• Task statement: Reproduce exactly, and solely, the lines running from the top of the data below through the line with "La comunità latinoamericana", both inclusive. Omit pictures.

• Dataset content:
-=-=-
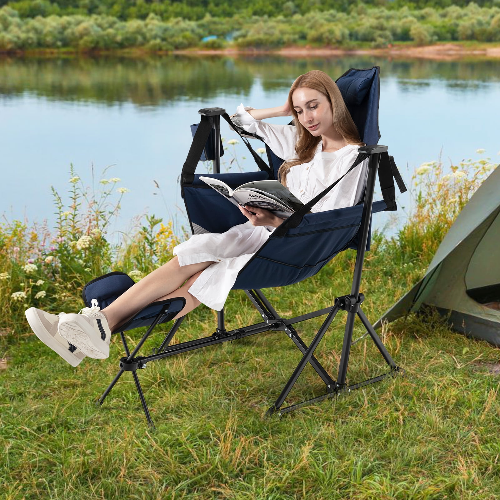 - Simple to Fold and Carry: The foldable structure enables you to set up or fold the swinging camping chair quickly and easily. What’s more, the equipped carry bag with shoulder strap makes it easy for you to carry the camping chair set anywhere you go. Hence, you can sit for relaxation whether at home or outdoors.
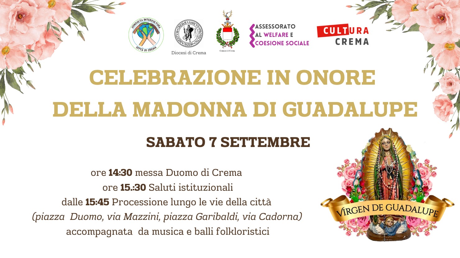 La comunità latinoamericana di Crema e del cremasco si appresta a celebrare la Virgen de Guadalupe nella giornata di sabato 7 settembre. La terza edizione della manifestazione inizierà alle ore 14.30 con la messa in Duomo a cui seguiranno le danze itineranti di otto gruppi fino al parco del Serio, in via Miglioli 23, dove si potranno degustare alcuni piatti tipici della cucina sudamericana.
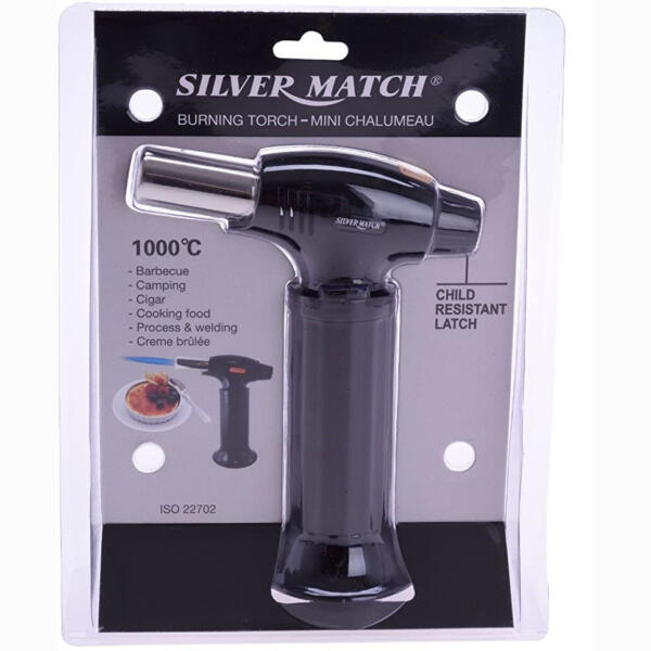 La torcia a gas Silver Match è un bruciatore di qualità professionale con fiamma regolabile che può produrre una combustione di 1000°C. Ricaricabile con gas butano standard per un uso illimitato e dal design elegante e innovativo per un’ergonomia e un utilizzo ottimale è perfettamente progettato per attività culinarie come glassa, grigliate, grigliate e crème brulée caramellizzante. Adatto anche per qualsiasi attività all’aperto come il campeggio e i barbecue, può essere usato per accendere sigari o per piccoli lavori di saldatura o bricolage.
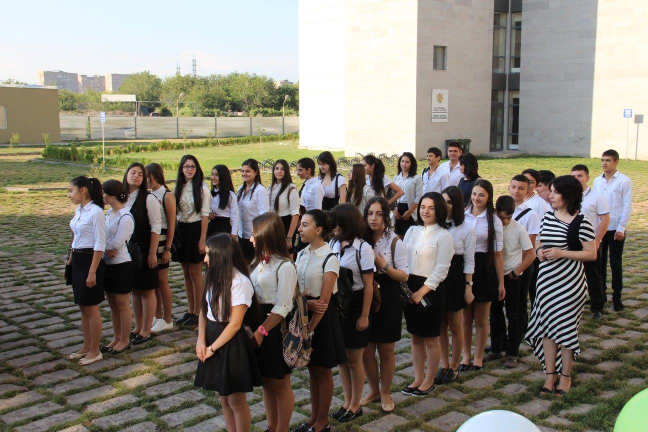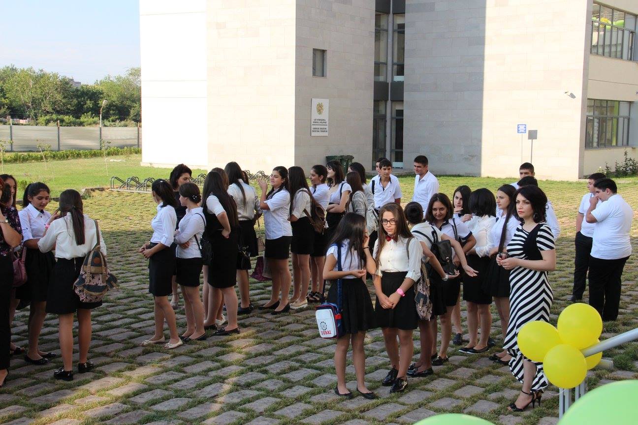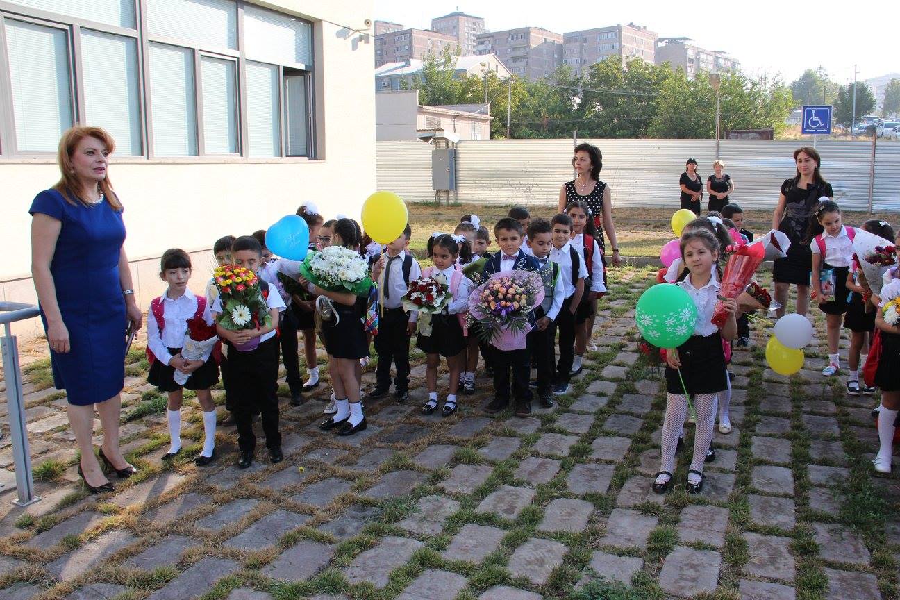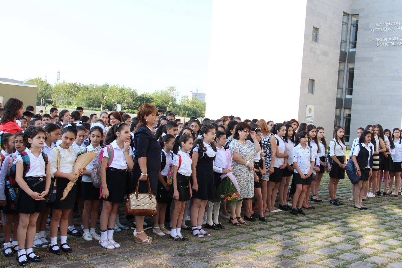Տնօրեն Մ. Գեղամյանը շնորհավորեց աշակերտներին և ուսուցիչներին նոր ուսումնական տարվա կապակցությամբ: Նա ընթերցեց ՀՀԿԳՆ Ա. Աշոտյանի՝ գիտելիքի և դպրության օրվան նվիրված ուղերձը: Դպրոցական զանգի ղողանջի ներքո 9-11-րդ դասարանների աշակերտները դպրոց ուղեկցեցին 60 առաջին դասարանցիների, որոնք սրտի թրթիռով էին սպասում այդ օրվան: Միջոցառումը շարունակվեց նաև դպրոցի շքեղ դահլիճում, որտեղ ողջույնի խոսքով ելույթ ունեցան 1-11-րդ դասարանների աշակերտներ:
-=-=-
• Result of this exercise:
 - Simple to Fold and Carry: The foldable structure enables you to set up or fold the swinging camping chair quickly and easily. What’s more, the equipped carry bag with shoulder strap makes it easy for you to carry the camping chair set anywhere you go. Hence, you can sit for relaxation whether at home or outdoors.
 La comunità latinoamericana di Crema e del cremasco si appresta a celebrare la Virgen de Guadalupe nella giornata di sabato 7 settembre. La terza edizione della manifestazione inizierà alle ore 14.30 con la messa in Duomo a cui seguiranno le danze itineranti di otto gruppi fino al parco del Serio, in via Miglioli 23, dove si potranno degustare alcuni piatti tipici della cucina sudamericana.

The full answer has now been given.